Le dossier a été communiqué au procureur général.
Sur le rapport de Mme Collomp, conseillère, et l'avis de Mme Picot-Demarcq, avocate générale référendaire, après débats en l'audience publique du 9 décembre 2025 où étaient présentes Mme Champalaune, présidente, Mme Collomp, conseillère rapporteure, Mme Auroy, conseillère doyenne, et Mme Sara, greffière de chambre,
la première chambre civile de la Cour de cassation, composée de la présidente et des conseillères précitées, après en avoir délibéré conformément à la loi, a rendu le présent arrêt.
Faits et procédure
1. Le 25 septembre 2020, Mme [C] [O], née le 26 février 1957 à [Localité 3] (Gabon), a assigné le procureur de la République près le tribunal judiciaire de Paris pour voir déclarer qu'elle est de nationalité française par filiation paternelle, son père, [B] [O] [N], étant français pour être né en France d'un parent lui-même né en France.
Énoncé de la question prioritaire de constitutionnalité
2. Par un jugement du 11 septembre 2025, le tribunal judiciaire de Paris a transmis une question prioritaire de constitutionnalité ainsi rédigée :
« L'article 311-25 du code civil, en ce qu'il ne permet pas d'établir la filiation paternelle à l'égard d'un enfant « naturel » par la désignation de celui-ci dans l'acte de naissance, alors que la filiation paternelle est établie par la désignation du mari de la mère dans l'acte de naissance d'un enfant « légitime » est-il conforme à la Constitution ? »
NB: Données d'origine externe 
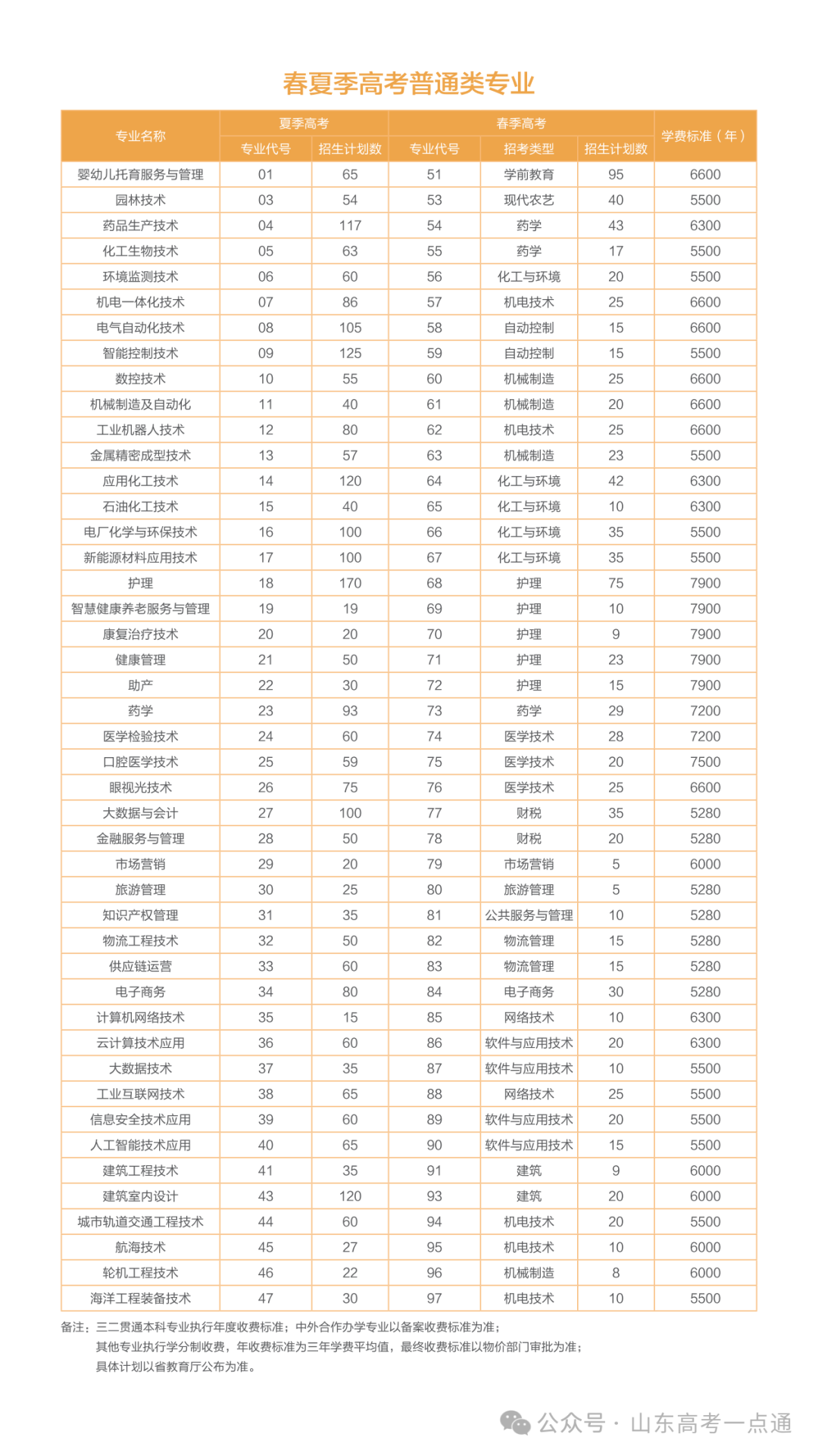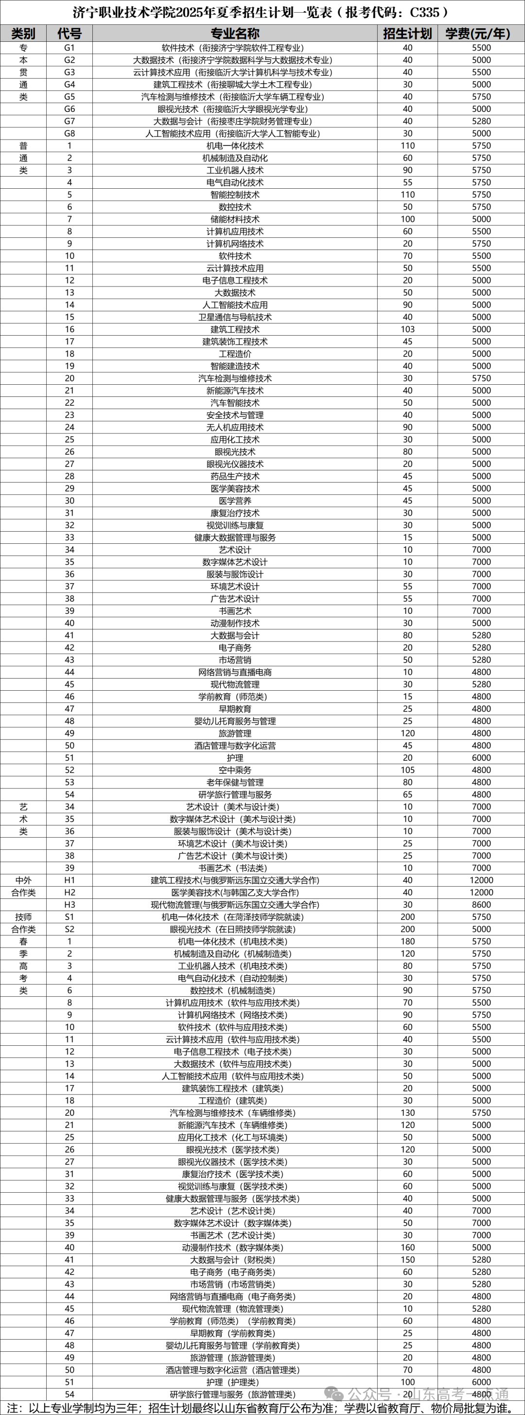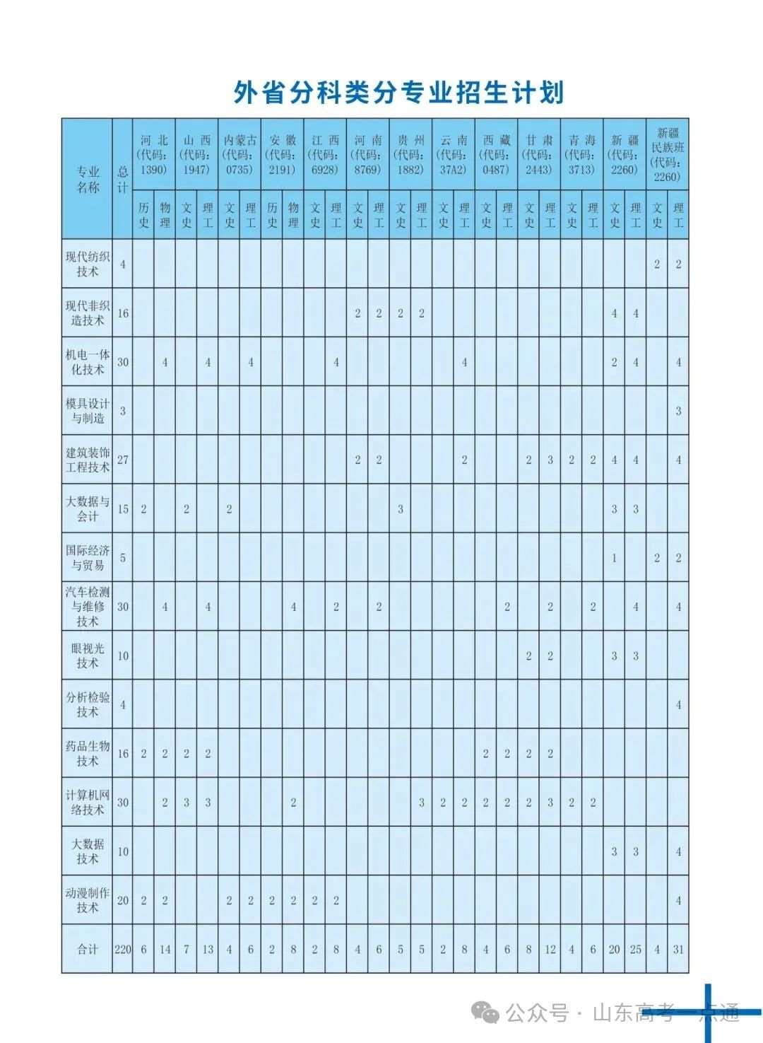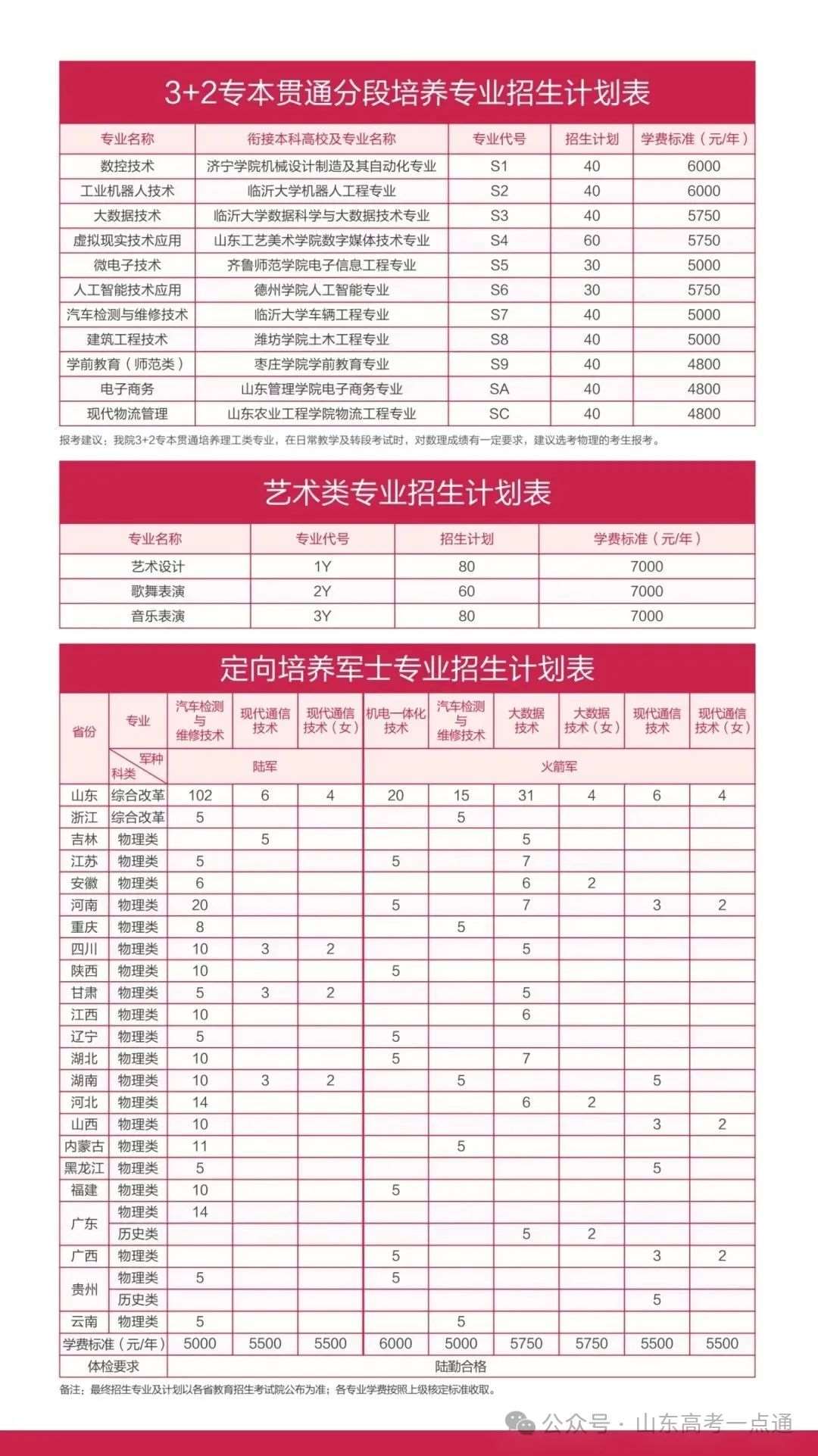 山东省春季高考招生计划
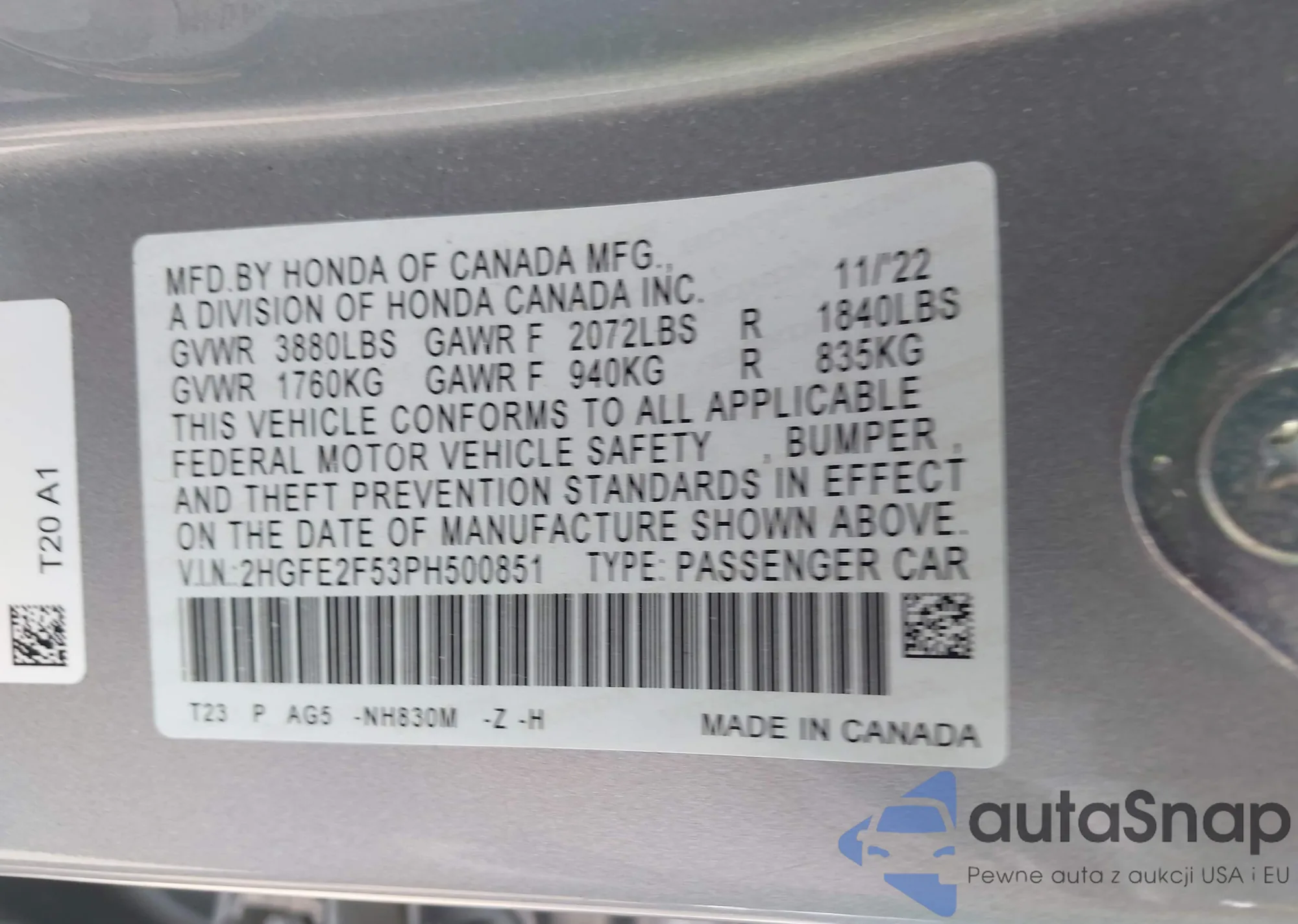 • VIN 2HGFE2F53PH500851

Examen de la question prioritaire de constitutionnalité
3. La question posée n'invoque pas une atteinte aux droits et libertés que la Constitution garantit.
4. La question prioritaire de constitutionnalité n'est donc pas recevable.
PAR CES MOTIFS, la Cour :
DÉCLARE IRRECEVABLE la question prioritaire de constitutionnalité ;
Ainsi fait et jugé par la Cour de cassation, première chambre civile, et prononcé publiquement le dix décembre deux mille vingt-cinq par mise à disposition de l'arrêt au greffe de la Cour, les parties ayant été préalablement avisées dans les conditions prévues au deuxième alinéa de l'article 450 du code de procédure civile.